Begin with the line containing "2. 🥬 Creamy Garlic Parmesan Brussels Sprouts", end with the last line of the records, and retype everything in between exactly, without the pictures.

■ **DATA EXCERPTS**
──────
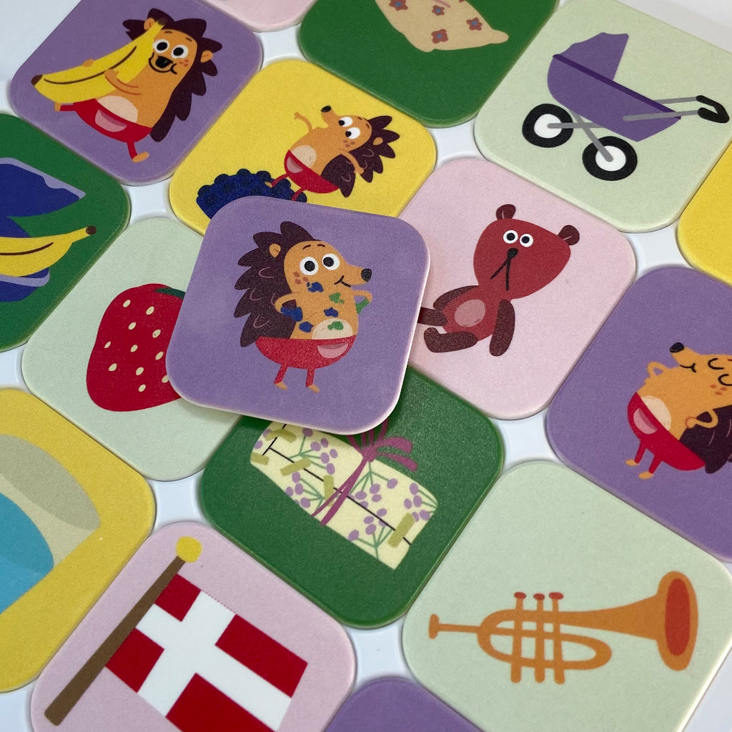 Spillet styrker ordforråd, sprog og udtale, når børnene finder de brikker, der hører sammen.
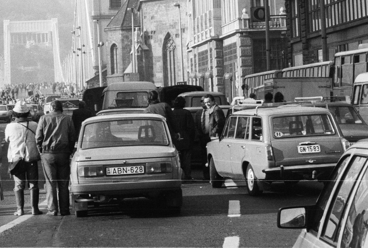 A Kádár-kor személyautó világa szerintem nem 1989-ben, Kádár-halálával és a köztársaság kikiáltásával ért véget, hanem 1988. január elseje és 1990 nyara között, fokozatosan múlt ki. Az első dátum a világútlevél bevezetése, amikor a valutakerettel és a feketén váltott schillingekkel és nyugat-német márkákkal tömegek indultak bécsi és távolabbi bevásárlásokra, köztük nem kevesen autóbeszerzésre. Mivel új autóra keveseknek futotta, ekkor jelentek meg a magyar utakon az erősen tizenéves, leharcolt nyugati járgányok, amelyek persze még így is valódi alternatívái voltak az elöregedő, többségében új korukban is már korszerűtlen hazai autóparknak. Amikre aztán 1990-től, már az Antall-kormány idején elkezdték felszerelni a nemzeti trikolórral gyártott három betű, három szám kombinációjú rendszámokat. (Fotó: Fortepan 266867 – Kétféle rendszám a taxisblokád idején)
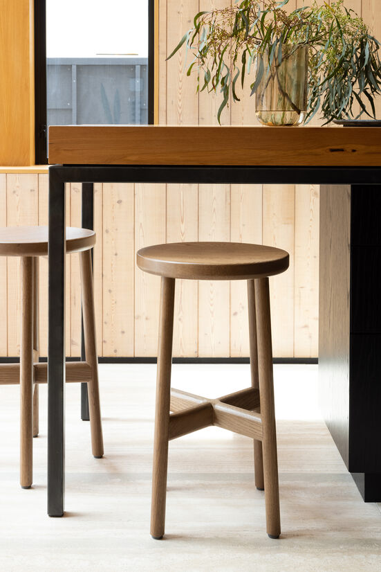 The linear language of the chairs was adapted lightly for the barstool, where we needed to introduce a slight angle on the legs, due to the extra height and required balance of a barstool, but retained the softened details in the footrest.
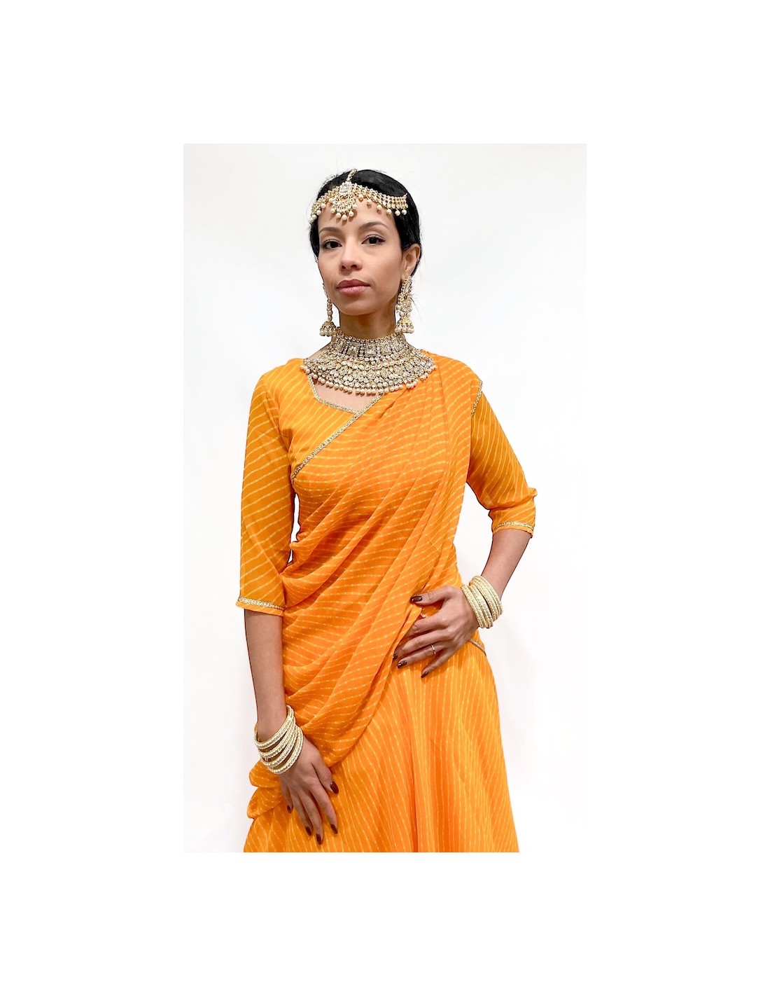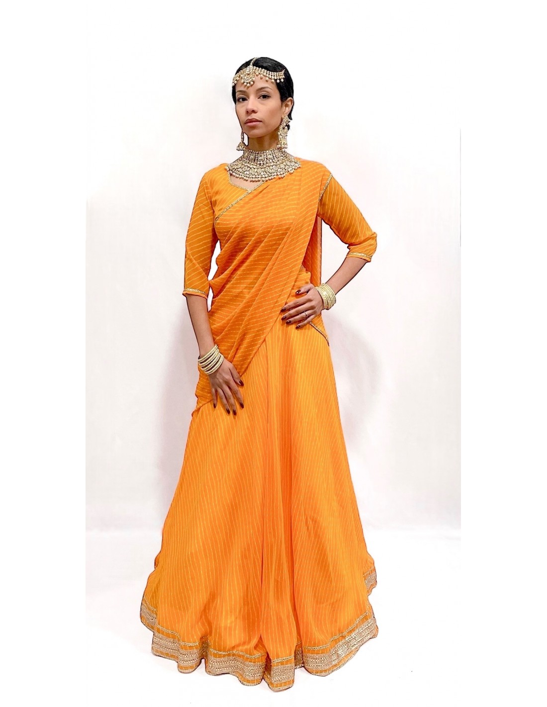 Lehenga choli ZEEL sari jupe evase saffron  - 1
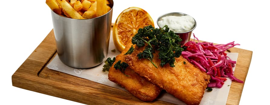 Frasigt friterad torskfilé som toppas med friterad persilja. Serveras med tartarsås, grillad citron, jalapeñopicklad slaw och pommes frites.
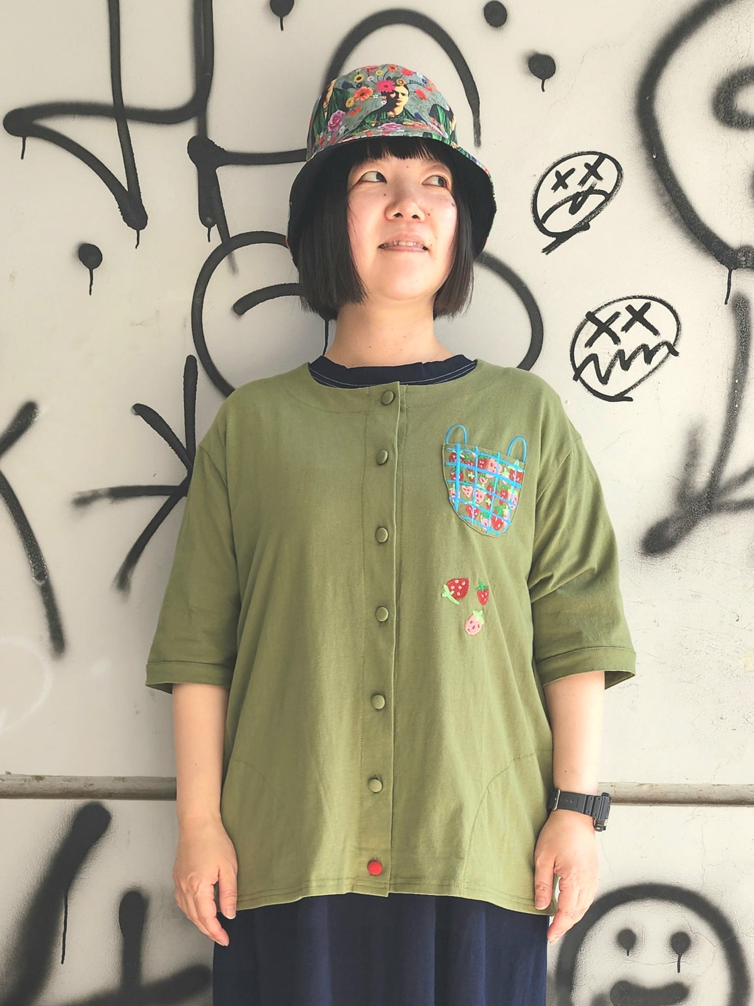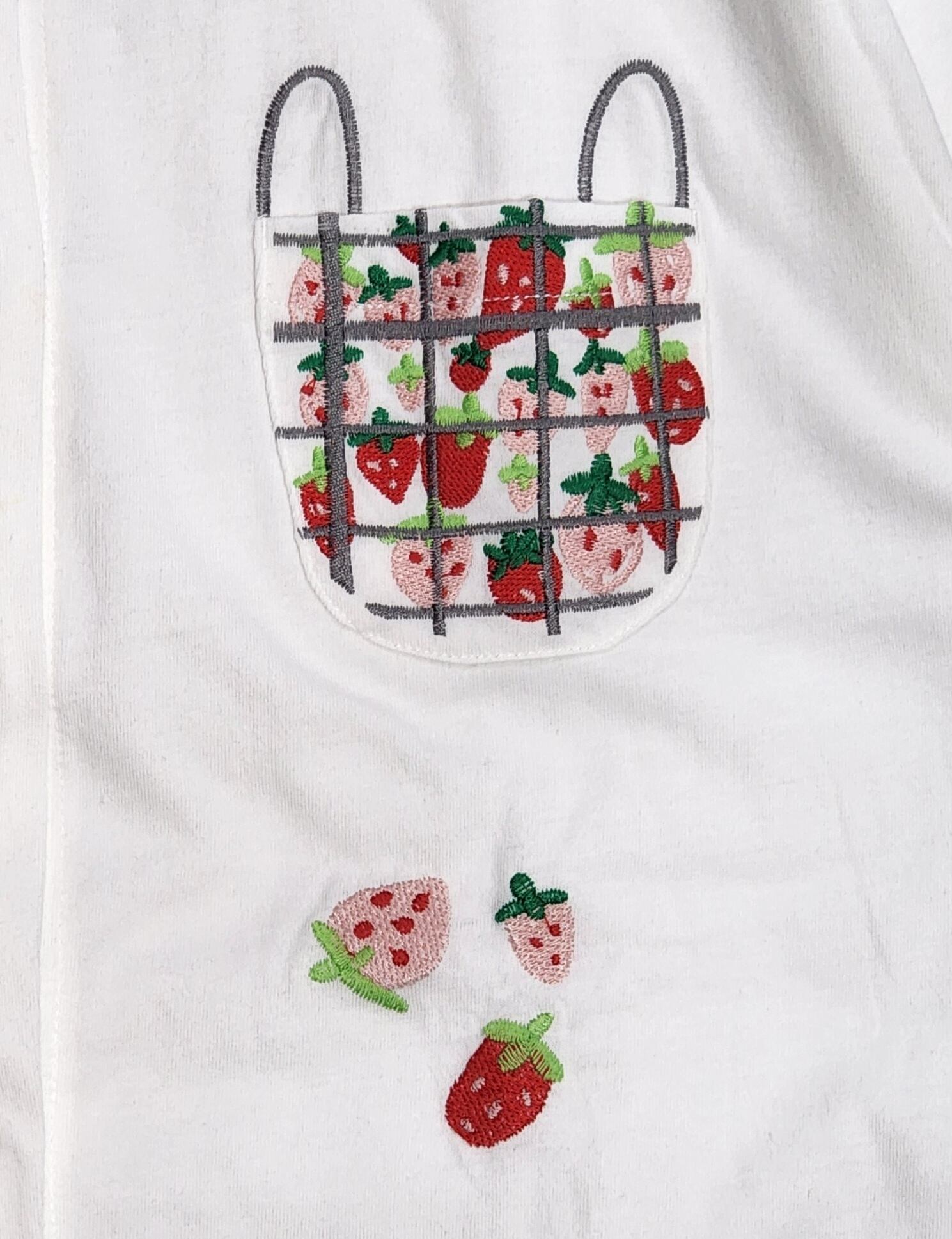 イチゴを入れたバスケットの刺繍がポケットになっている可愛らしいデザイン。
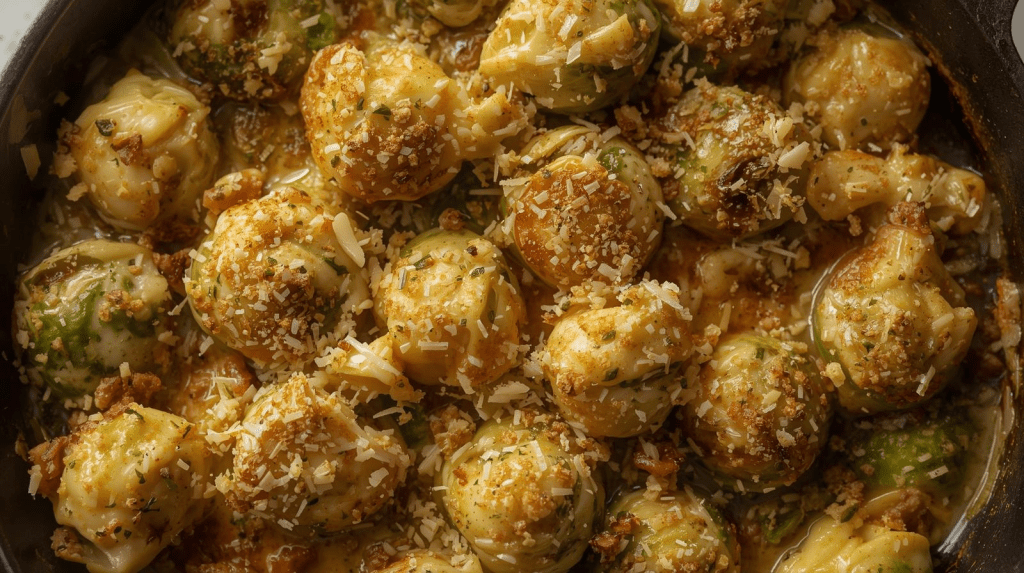 2. 🥬 Creamy Garlic Parmesan Brussels Sprouts
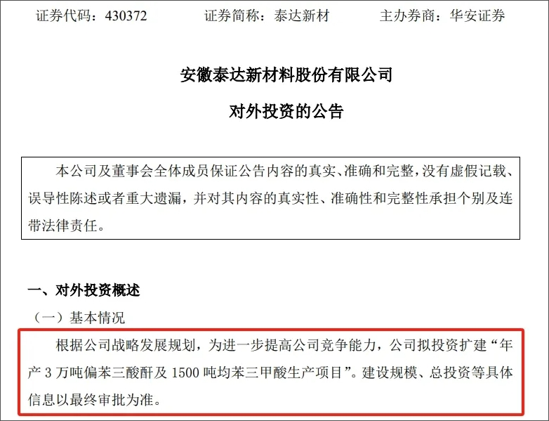 2023年5月8日,泰達(dá)新材對(duì)外發(fā)布《對(duì)外投資的公告》。公告中指出,根據(jù)公司戰(zhàn)略發(fā)展規(guī)劃,為進(jìn)一步提高公司競(jìng)爭能力,公司擬投資擴(kuò)建“年產(chǎn)3萬噸偏苯三酸酐及1500噸均苯三甲酸生產(chǎn)項(xiàng)目”。建設(shè)規(guī)模、總投資等具體信息以最終審批為準(zhǔn)。
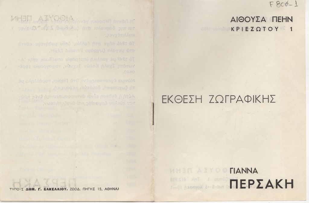 Έντυπο, χαρτί, 4 φφ, 16×12 εκ., στα ελληνικά, ατομικής έκθεσης της Γιάννας Περσάκη, η οποία διεξάγεται στην Αίθουσα Μόνικας Πέην στην Αθήνα.
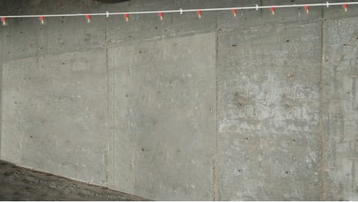核心筒結(jié)構(gòu)墻體裂縫控制施工工法,對傳統(tǒng)的施工工藝進行技術(shù)創(chuàng)新,能最大限度地提高高層混凝土核心筒結(jié)構(gòu)墻體裂縫合格率和杜絕高層混凝土核心筒結(jié)構(gòu)墻體混凝土裂縫,在同行業(yè)屬于技術(shù)領(lǐng)先。技術(shù)難點是核心筒墻體模板根部安裝角鋼,技術(shù)水平、安裝位置精度要求高,同時角鋼能夠重復使用,起到節(jié)材的作用;采用全天電子控制噴淋養(yǎng)護系統(tǒng)養(yǎng)護核心筒墻體混凝土,將噴淋管固定在核心筒墻體上面,通過地面電子控制噴淋系統(tǒng)進行養(yǎng)護,每30分鐘自動噴淋一次,每次2.5分鐘,既不會造成水源浪費,又能充分濕潤混凝土,全程做到自動無人化,節(jié)約人工、用水。
──────
■ **SOLVED PROBLEM**
 2. 🥬 Creamy Garlic Parmesan Brussels Sprouts
 2023年5月8日,泰達(dá)新材對(duì)外發(fā)布《對(duì)外投資的公告》。公告中指出,根據(jù)公司戰(zhàn)略發(fā)展規(guī)劃,為進(jìn)一步提高公司競(jìng)爭能力,公司擬投資擴(kuò)建“年產(chǎn)3萬噸偏苯三酸酐及1500噸均苯三甲酸生產(chǎn)項(xiàng)目”。建設(shè)規(guī)模、總投資等具體信息以最終審批為準(zhǔn)。
 Έντυπο, χαρτί, 4 φφ, 16×12 εκ., στα ελληνικά, ατομικής έκθεσης της Γιάννας Περσάκη, η οποία διεξάγεται στην Αίθουσα Μόνικας Πέην στην Αθήνα.
核心筒結(jié)構(gòu)墻體裂縫控制施工工法,對傳統(tǒng)的施工工藝進行技術(shù)創(chuàng)新,能最大限度地提高高層混凝土核心筒結(jié)構(gòu)墻體裂縫合格率和杜絕高層混凝土核心筒結(jié)構(gòu)墻體混凝土裂縫,在同行業(yè)屬于技術(shù)領(lǐng)先。技術(shù)難點是核心筒墻體模板根部安裝角鋼,技術(shù)水平、安裝位置精度要求高,同時角鋼能夠重復使用,起到節(jié)材的作用;采用全天電子控制噴淋養(yǎng)護系統(tǒng)養(yǎng)護核心筒墻體混凝土,將噴淋管固定在核心筒墻體上面,通過地面電子控制噴淋系統(tǒng)進行養(yǎng)護,每30分鐘自動噴淋一次,每次2.5分鐘,既不會造成水源浪費,又能充分濕潤混凝土,全程做到自動無人化,節(jié)約人工、用水。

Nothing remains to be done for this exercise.